I am curious about List.updated. What is it's runtime? And how does it compare to just changing one element in an ArrayBuffer? In the background, how does it deal with copying all of the list? Is this an O(n) procedure? If so, is there an immutable data structure that has an updated like method without being so slow?
An example is:
val list = List(1,2,3)
val list2 = list.updated(2, 5) --> # list2 = (1,5,3)
var abuf = ArrayBuffer(1,2,3)
abuf(2) = 5 --> # abuf = (1,5,3)
The time and memory complexity of the updated(index, value) method is linear in terms of index (not in terms of the size of the list). The first index cells are recreated.
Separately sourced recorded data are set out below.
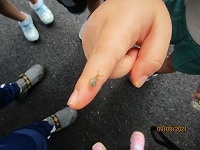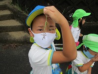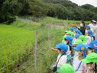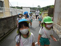 お散歩に行ってきました 朝夕は、涼しくなり秋めいてきました。4,5歳児の子ども達が 幼稚園の周りを散歩に行き「あ、柿がオレンジ色になっているよ」「どんぐりの赤ちゃん見つけた」と、まわりの自然の変化に気づきながら歩くことができました。自分たちで苗を植えた田んぼでは、「もうお米できてきてるんやな」と、生長の様子を興味深くみていました。10月に稲刈り体験をすることを楽しみにしています。 幼稚園は、普賢寺地域の豊かな自然に囲まれています。これからも散歩や収穫を通して秋の自然を感じながら過ごしていきたいと思います。  |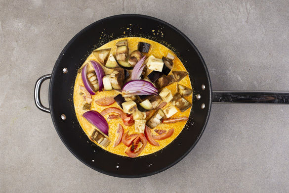 Mmmh, schon der Duft lässt uns das Wasser im Munde zusammenlaufen. Käse, Auberginen und Zwiebeln werden mit Garam Masala gewürzt und im Ofen gebacken, die cremige Kokosmilchsauce wird mit Korma-Currypaste und gerösteten Mandelblättchen verfeinert. Dazu gibt es lockere Quinoa. Lasst es euch schmecken!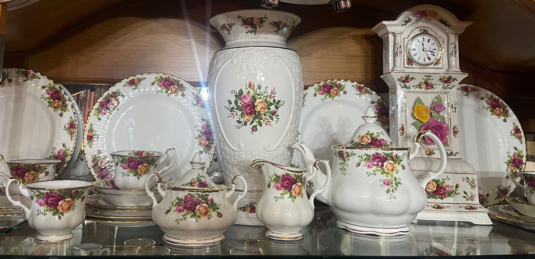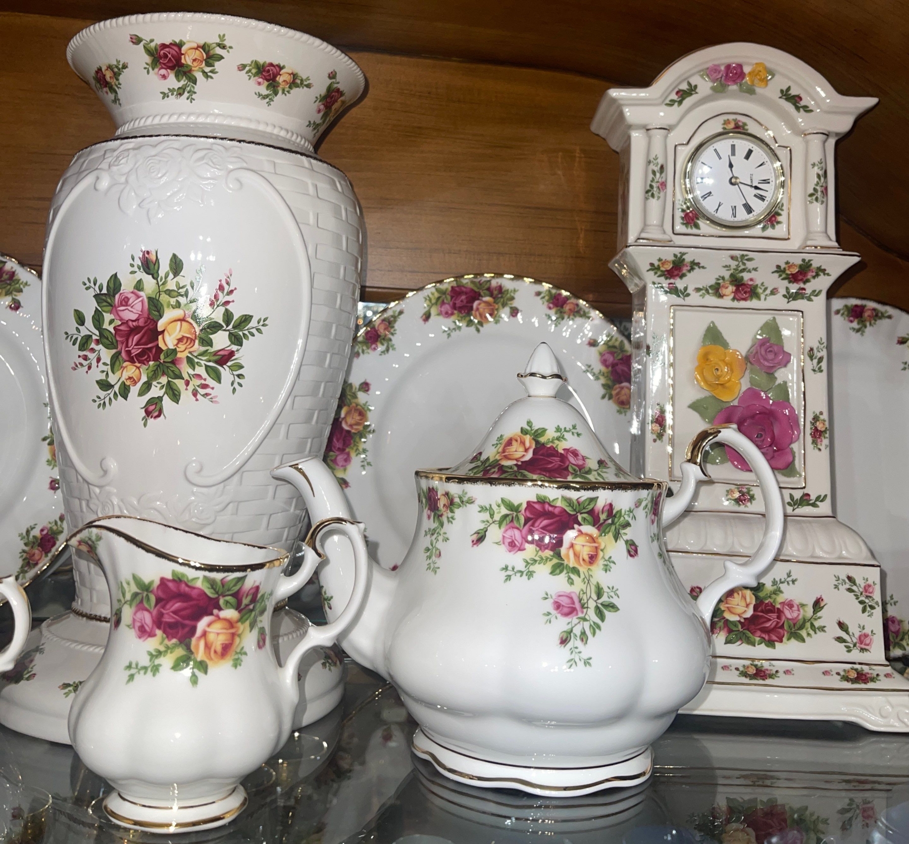 Royal Albert Old Country Roses Collection Clock, Tea Pot, 4 Plates, 4 Tea Cups, Large Vase
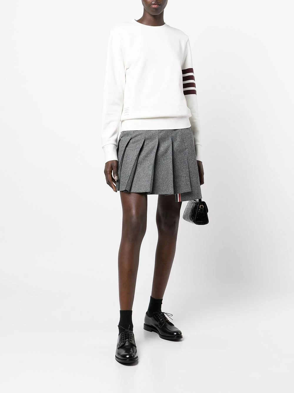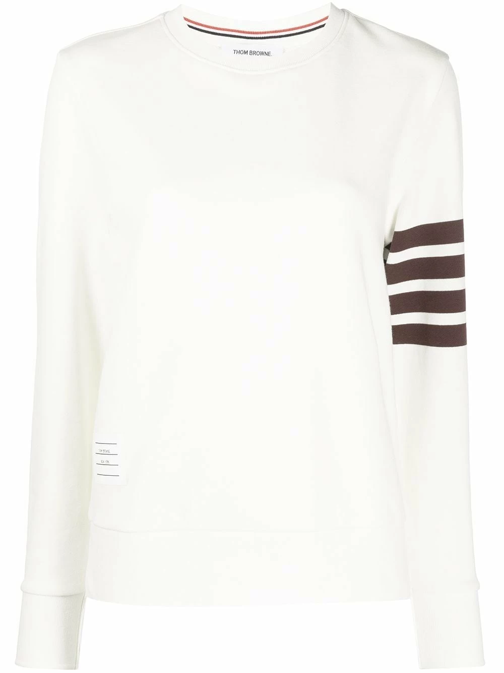 Thom Browne transforms the classic crew-neck silhouette by adding branding details that need no introduction. Crafted from white cotton and cut to a traditional crew-neck silhouette, this piece is adorned with the iconic 4-Bar motif at the left sleeve and the signature grosgrain loop tab at the rear.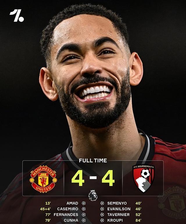 第84分鐘,曼聯(lián)后場(chǎng)被斷,伯恩茅斯反擊,克魯皮推射破門,4-4!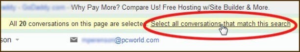 Je krijgt al snel een lijst met berichten te zien die aan je criteria voldoen. Klik op de Select-knop (aan de linkerkant van de Refresh knop). Hiermee selecteer je alle zichtbare berichten of discussies, maar waarschijnlijk niet alle berichten die aan je zoekcriteria voldoen. Dus zorg dat je eerst op de link Select all conversations that match this search klikt.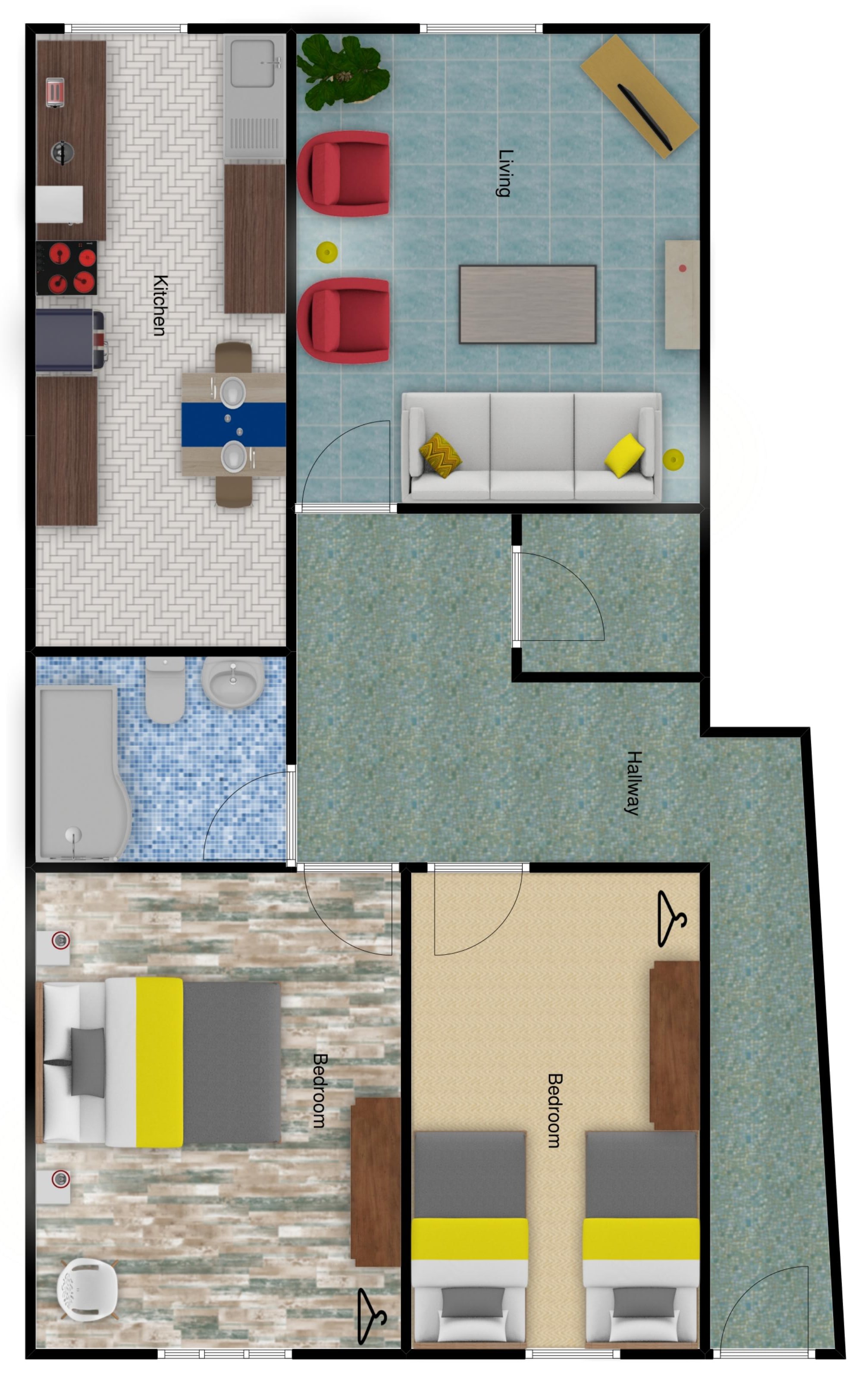 Pier is a 2 bedroom apartment centrally located at the back of our Starfish house building on Silver Street. It sleeps up to 4 people in its 2 bedrooms, bedroom 1 is a double, bedroom 2 is a twin room. Pier also has a separate living area as well as a fully equipped kitchen.

Changing an element in an ArrayBuffer has constant time and memory complexity. The backing array is updated in place, no copying occurs.
This updated method is not slow if you update elements near the beginning of the list. For larger sequences, Vector has a different way to share common parts of the list and will probably do less copying.
List.updated is an O(n) operation (linear).
It calls the linear List.splitAt operation to split the list at the index to get two list (before, rest), then builds a new list by appending the elements in before, the updated element and then the elements in rest.tail.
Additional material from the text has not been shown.